Tak sedikit juga yang memuji keberanian Riyuka karena berani bersuara setelah sekian lama bungkam.
Sejumlah netizen bahkan menyebut bahwa kisah ini bisa menjadi pengingat tentang pentingnya konsensual dalam pernikahan dan bahaya tekanan emosional yang dibalut dengan narasi cinta.
Sebagian lainnya menyoroti sisi lain dari figur publik yang selama ini dianggap lucu dan menghibur, namun ternyata menyimpan sisi gelap dalam kehidupan pribadinya.
Angle Utama: Pernikahan yang Dipaksakan Bukanlah Cinta — Ini Teror Emosional Berkedok Kasih Sayang
Cerita Riyuka bukan sekadar drama selebritas, tapi refleksi dari persoalan sosial yang lebih besar.
Ketika seseorang merasa harus menerima pernikahan karena tekanan terus-menerus, itu bukan romantisme — itu adalah bentuk paksaan.
Pernikahan harus dibangun atas dasar kehendak bebas, bukan air mata dan intimidasi.
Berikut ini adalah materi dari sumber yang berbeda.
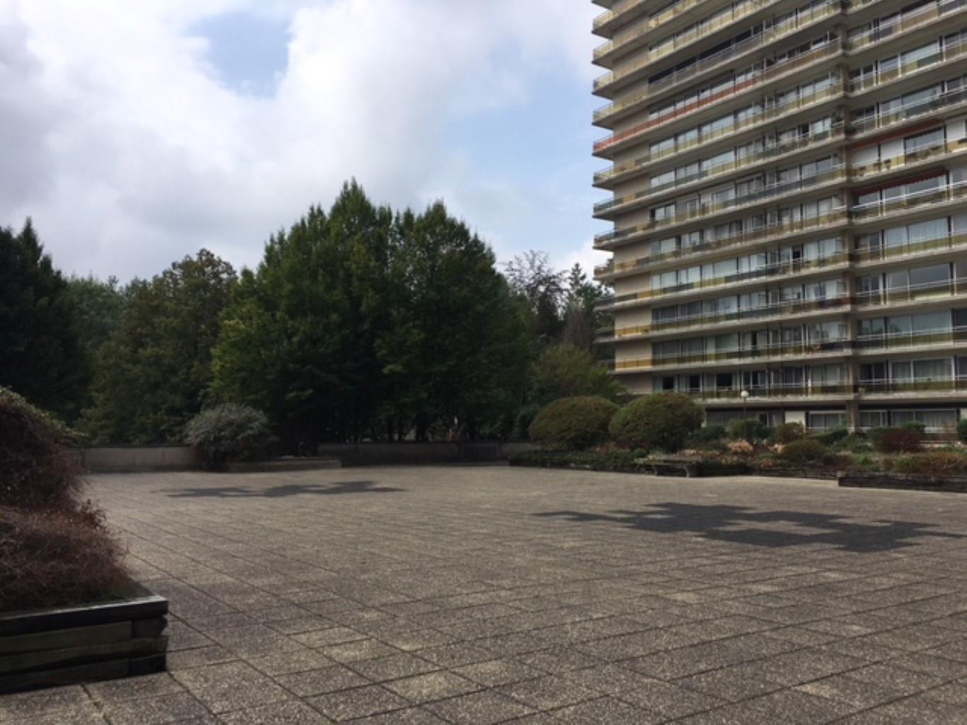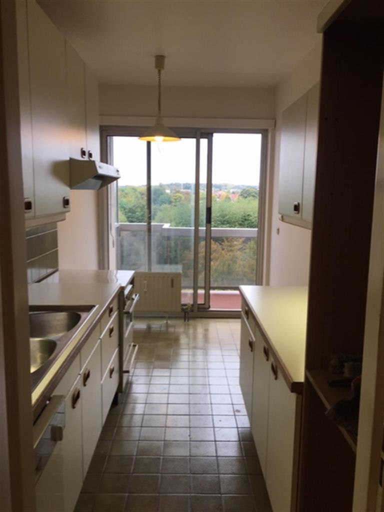 OPTION !! En attende de compromis, les visites sont donc suspendues, merci. Woluwe Saint Lambert, face au Shopping et à proximité du métro de Roodebeek, au septième étage sur 12 bel appartement à rafraîchir facilement composé de 95 m² + 2 grandes terrasses de 9m² chacune avec leurs armoirs et placards incorporés, vue exceptionnelle sur verdure, hall d'entrée avec wc visiteur, cuisine avec accès à la terrasse, grand salon de +- 30m2 en parquet avec accès à la terrasse, hall de nuit, deux chambres (15 et 12), 1 salle de bain, au sous-sol 2 grands garages box compris dans le prix.Double vitrage partout. RC des garages = 104 € par unités, RC de l'appartement 1300€.Peb et certificat électrique téléchargeable sur notre site. Charges : +- 260€ mensuel. Excellent rapport qualité/Prix à 260 000€. Soit 210 000€ + 25 000€ par box.Visites sur rdv au 0475/44 12 88 info@kvolution.be

Riyuka Bunga telah membongkar sebuah realitas pahit yang selama ini mungkin dialami oleh banyak perempuan di luar sana: terpaksa menikah karena rasa kasihan, bukan karena cinta.
Dan kisahnya adalah panggilan bagi masyarakat untuk lebih peka terhadap tekanan emosional yang sering disamarkan sebagai ketulusan.